参考文章：DEEPre: sequence-based enzyme EC number prediction by deep learning  
URL：https://pubmed.ncbi.nlm.nih.gov/29069344/   
发表日期：2018年3月


## 数据统计
- 数据源DeepRE，共有数据44,336条，其中有酶数据22,168条，非酶数据22,168条。
- ～90%作为训练集，～10%作为测试集, 训练集数据39902条，测试集数据4434条。

### 0. 导入必要的包

In [116]:
import numpy as np
import pandas as pd
import random
import time
import gzip
import re
from Bio import SeqIO
import datetime
import sys
from tqdm import tqdm

from functools import reduce
import matplotlib.pyplot as plt

sys.path.append("../../tools/")
import commontools
import funclib

from pyecharts.globals import CurrentConfig, NotebookType
CurrentConfig.NOTEBOOK_TYPE = NotebookType.JUPYTER_LAB

from pyecharts import options as opts
from pyecharts.charts import Bar
from pyecharts.faker import Faker
from pyecharts.globals import ThemeType

from jax_unirep import get_reps

### 1. 数据预处理

In [117]:
f = open("./data/deepre/new_data_label_sequence.txt")
line = f.readline()

counter = 0
enzyme = []
while line:
    seq = line.split('>')[1].replace('\n','')
    enzyme.append([seq,1])
    line = f.readline()
    counter +=1
#     if counter ==5:
#         break
f.close()

enzyme = pd.DataFrame(enzyme)
enzyme.columns=['seq', 'label']
enzyme['seqlength'] = enzyme['seq'].map(lambda x : len(x))

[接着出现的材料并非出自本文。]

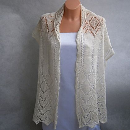 Elegancki, ciepły, ażurowy szal wykonany z wysokogatunkowej przędzy (50% alpaki, 50% wełny). Szlachetny splot sprawia, że włóczka jest ciepła i nie gryzie :).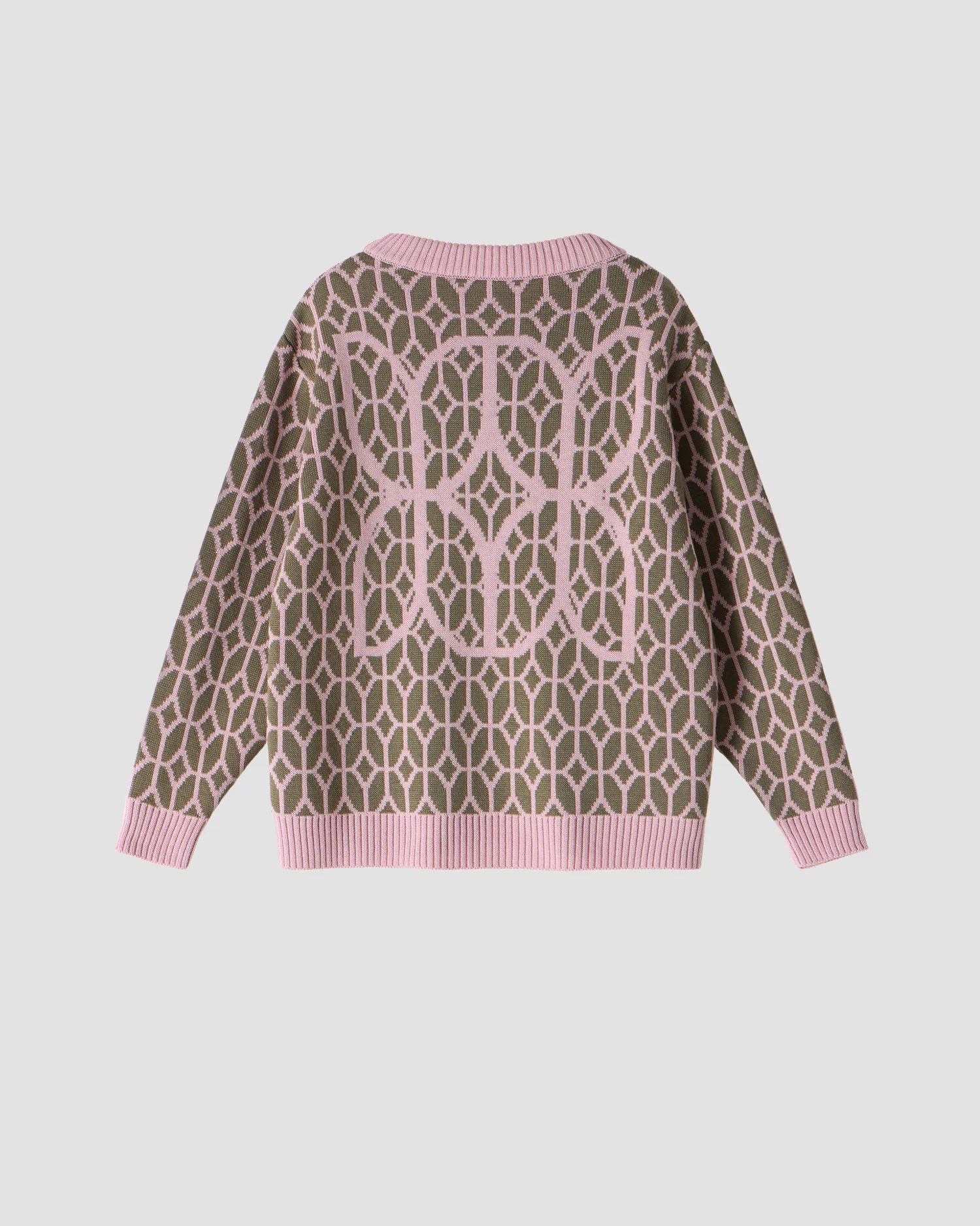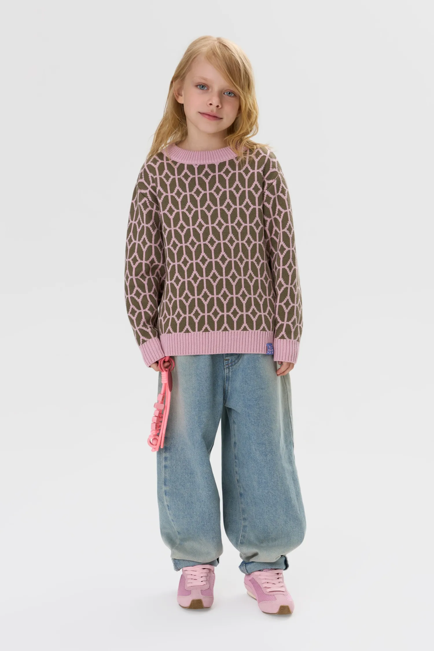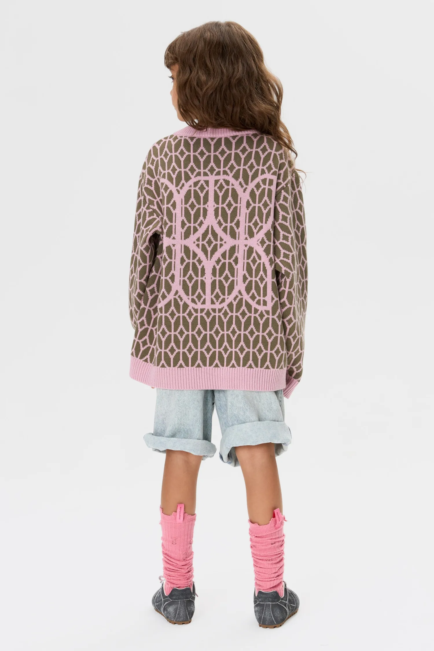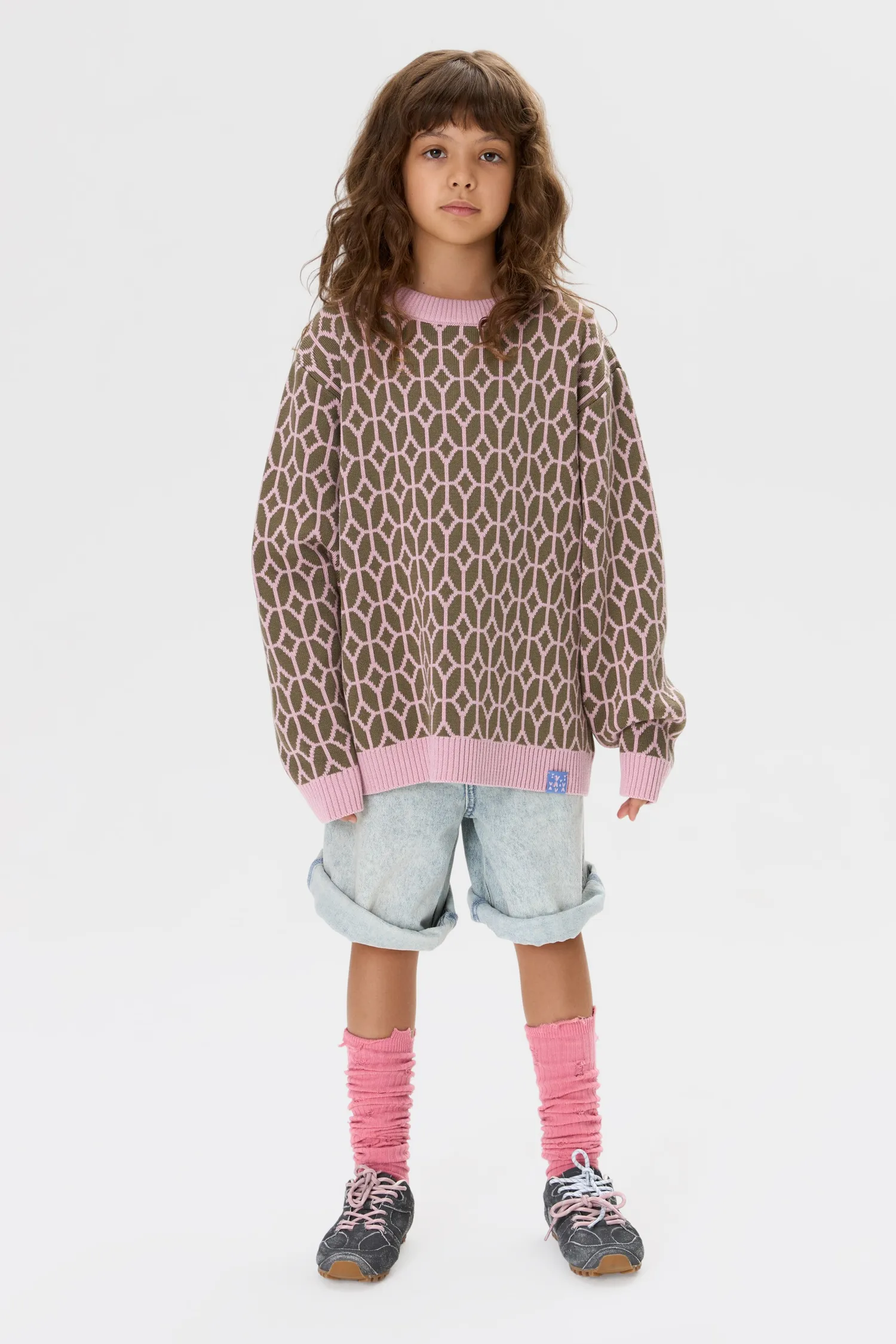 Вязаный свитер с изящным вязальным узором в виде фирменного PATTERN. Выполнен из смесового хлопка. Гладкая фактура вязки. О-образный вырез. На спинке крупный элемент фирменного паттерна в розовом цвете. Жаккардовый флажок по нижнем краю изделия в голубом цвете. Упаковка в подарочную коробку.

f = open("./data/deepre/non_enzyme_new_data_sequence.txt")
line = f.readline()

counter = 0
non_enzyme = []
while line:
    seq = line.split('>')[1].replace('\n','')
    non_enzyme.append([seq,0])
    line = f.readline()
    counter +=1
#     if counter ==5:
#         break
f.close()

non_enzyme = pd.DataFrame(non_enzyme)
non_enzyme.columns=['seq', 'label']
non_enzyme['seqlength'] = non_enzyme['seq'].map(lambda x : len(x))


In [118]:
train = enzyme.iloc[:19951,]
test = enzyme.iloc[19951:-1,]

train = train.append(non_enzyme.iloc[:19951,])
test = test.append(non_enzyme.iloc[19951:-1,])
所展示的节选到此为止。